*** Block opens ***

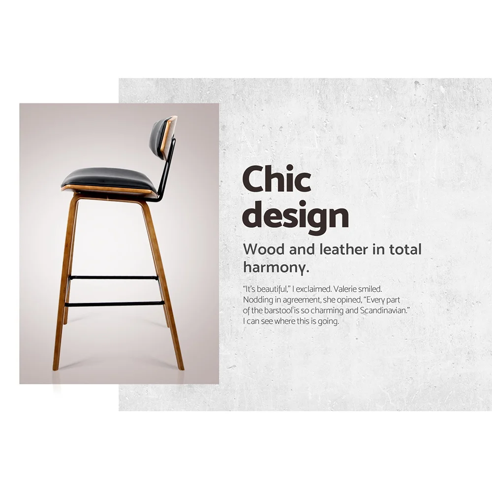 Meticulously crafted with solid wood in a stunning walnut finish for the legs and backrest, the Bentwood Bar Stool features a generous faux leather seat and backrest that feel comfortably plush and look absolutely classy. The wide backrest also provides appreciable enveloped support while the anti-slip rubber pads on the leg bottoms keep the stool steady and firm even with robust use. Not least, the power coated metal footrest rectangle lets you perch in style, feet up.
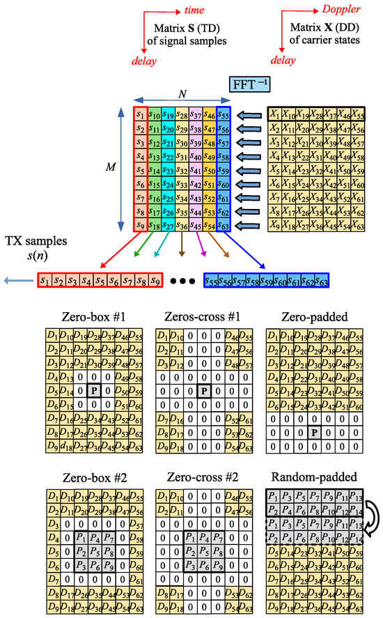The pilots do not necessarily occupy all subcarriers in the pilot zone, and some of the subcarriers can be inactive (the so-called guard carriers, which have a form of a strip, box, or cross). The guard interval is denoted by 0s in Figure 2. Also, depending on the configuration, the shape of the pilot zone and positions of the active (non-guard) carriers could be different. Guard carriers are used to reduce the interference between pilots and data carriers, but the drawback of many zero-value guard carriers is the reduction in pilot power. RP-OTFS [22,23,24,25,26] does not use guard carriers and offers better channel estimation characteristics. In this paper, RP-OTFS is discussed in its original form version [22,23,24,25,26] and in an improved form in the context of the ISAC system. The RP-OTFS represents a completely different approach in the OTFS design, since in its original proposition, the zero guard zone is missing and the pilots have randomly chosen values.
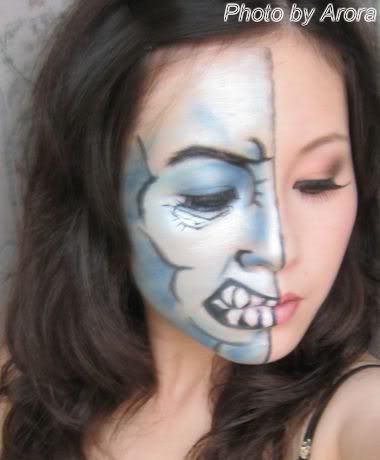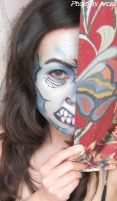 去年好像是化的花妖妆,我即使恶搞,也没勇气把自己弄得很丑(极端臭美的人哪),所以这回下了几张MAC的face
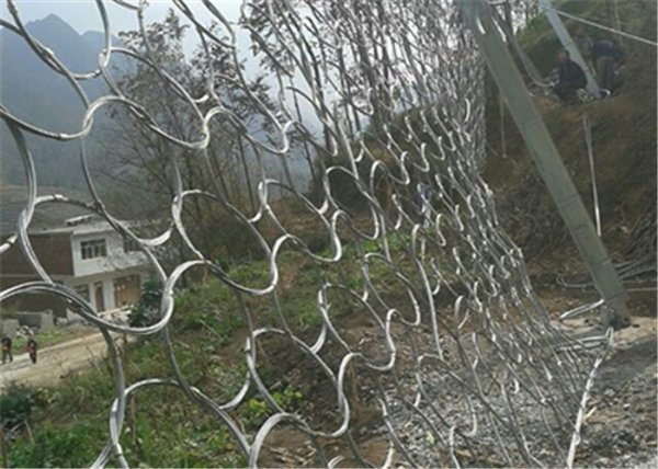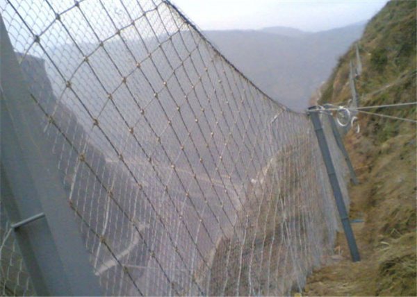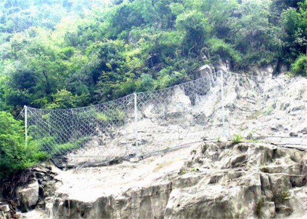 工字钢柱,上下拉锚绳,减压环,底座及上下支撑绳等部件构成.系统由钢柱和钢绳网联结组合构成一个整体,对所防护的区域形成面防护,从而阻止崩塌岩石土体的下坠,起到边坡防护的作用。
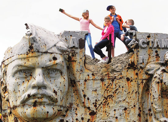 5月8日,在俄罗斯卫国战争胜利日前夕,顿涅茨克民众参观战争纪念雕塑。这些雕塑在不久前的乌克兰东部冲突中受损。
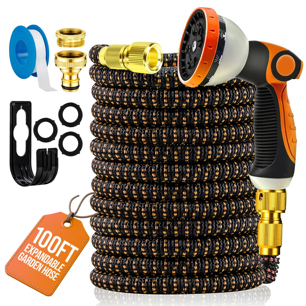100ft Expandable Garden Hose with Durable Brass Fittings, Flexible Lightweight for Gardening and Washing

*** Block closes ***

**What to work on**. Give back exactly the lines above that run from the one with "The pilots do" to the one with "去年好像是化的花妖妆,我即使", including both, with the pictures left out.

**Answer to the problem**.
The pilots do not necessarily occupy all subcarriers in the pilot zone, and some of the subcarriers can be inactive (the so-called guard carriers, which have a form of a strip, box, or cross). The guard interval is denoted by 0s in Figure 2. Also, depending on the configuration, the shape of the pilot zone and positions of the active (non-guard) carriers could be different. Guard carriers are used to reduce the interference between pilots and data carriers, but the drawback of many zero-value guard carriers is the reduction in pilot power. RP-OTFS [22,23,24,25,26] does not use guard carriers and offers better channel estimation characteristics. In this paper, RP-OTFS is discussed in its original form version [22,23,24,25,26] and in an improved form in the context of the ISAC system. The RP-OTFS represents a completely different approach in the OTFS design, since in its original proposition, the zero guard zone is missing and the pilots have randomly chosen values.
 去年好像是化的花妖妆,我即使恶搞,也没勇气把自己弄得很丑(极端臭美的人哪),所以这回下了几张MAC的face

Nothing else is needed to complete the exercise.